:: SUPPLIED DATA ::
* * * * * * * * *

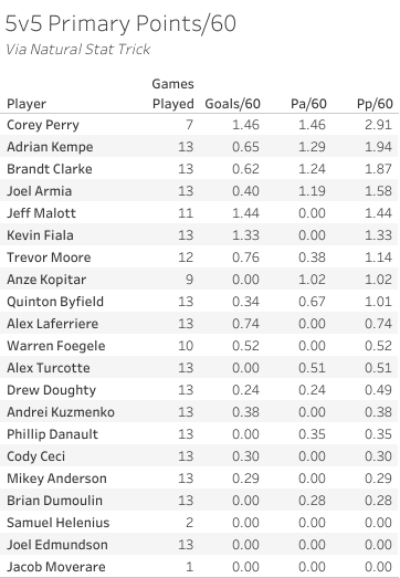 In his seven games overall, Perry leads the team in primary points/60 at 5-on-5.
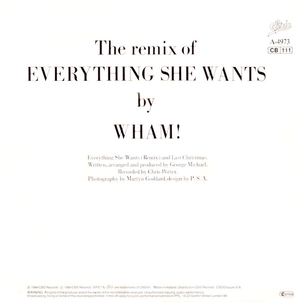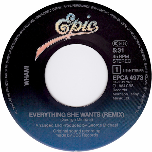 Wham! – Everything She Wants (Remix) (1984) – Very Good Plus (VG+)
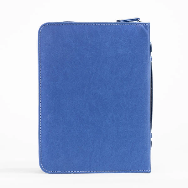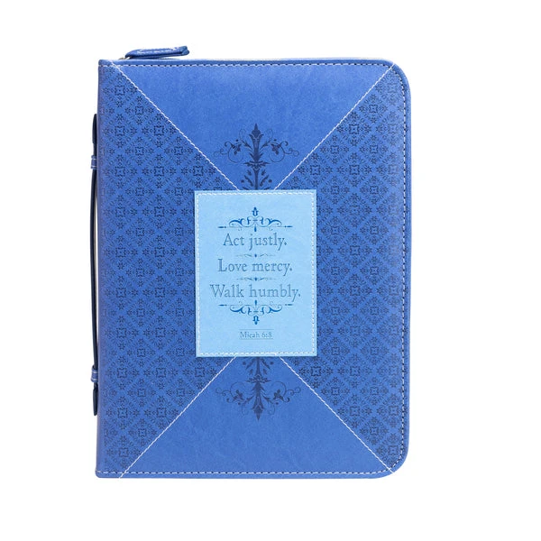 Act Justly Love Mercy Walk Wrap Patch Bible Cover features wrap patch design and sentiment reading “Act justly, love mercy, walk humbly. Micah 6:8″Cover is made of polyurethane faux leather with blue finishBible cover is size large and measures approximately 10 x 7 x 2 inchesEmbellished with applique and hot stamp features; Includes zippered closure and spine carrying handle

* * * * * * * * *

:: ACTION ITEM ::
Set down the material exactly, every line of it, except for the pictures.

:: EXERCISE OUTPUT ::
 In his seven games overall, Perry leads the team in primary points/60 at 5-on-5.
 Wham! – Everything She Wants (Remix) (1984) – Very Good Plus (VG+)
 Act Justly Love Mercy Walk Wrap Patch Bible Cover features wrap patch design and sentiment reading “Act justly, love mercy, walk humbly. Micah 6:8″Cover is made of polyurethane faux leather with blue finishBible cover is size large and measures approximately 10 x 7 x 2 inchesEmbellished with applique and hot stamp features; Includes zippered closure and spine carrying handle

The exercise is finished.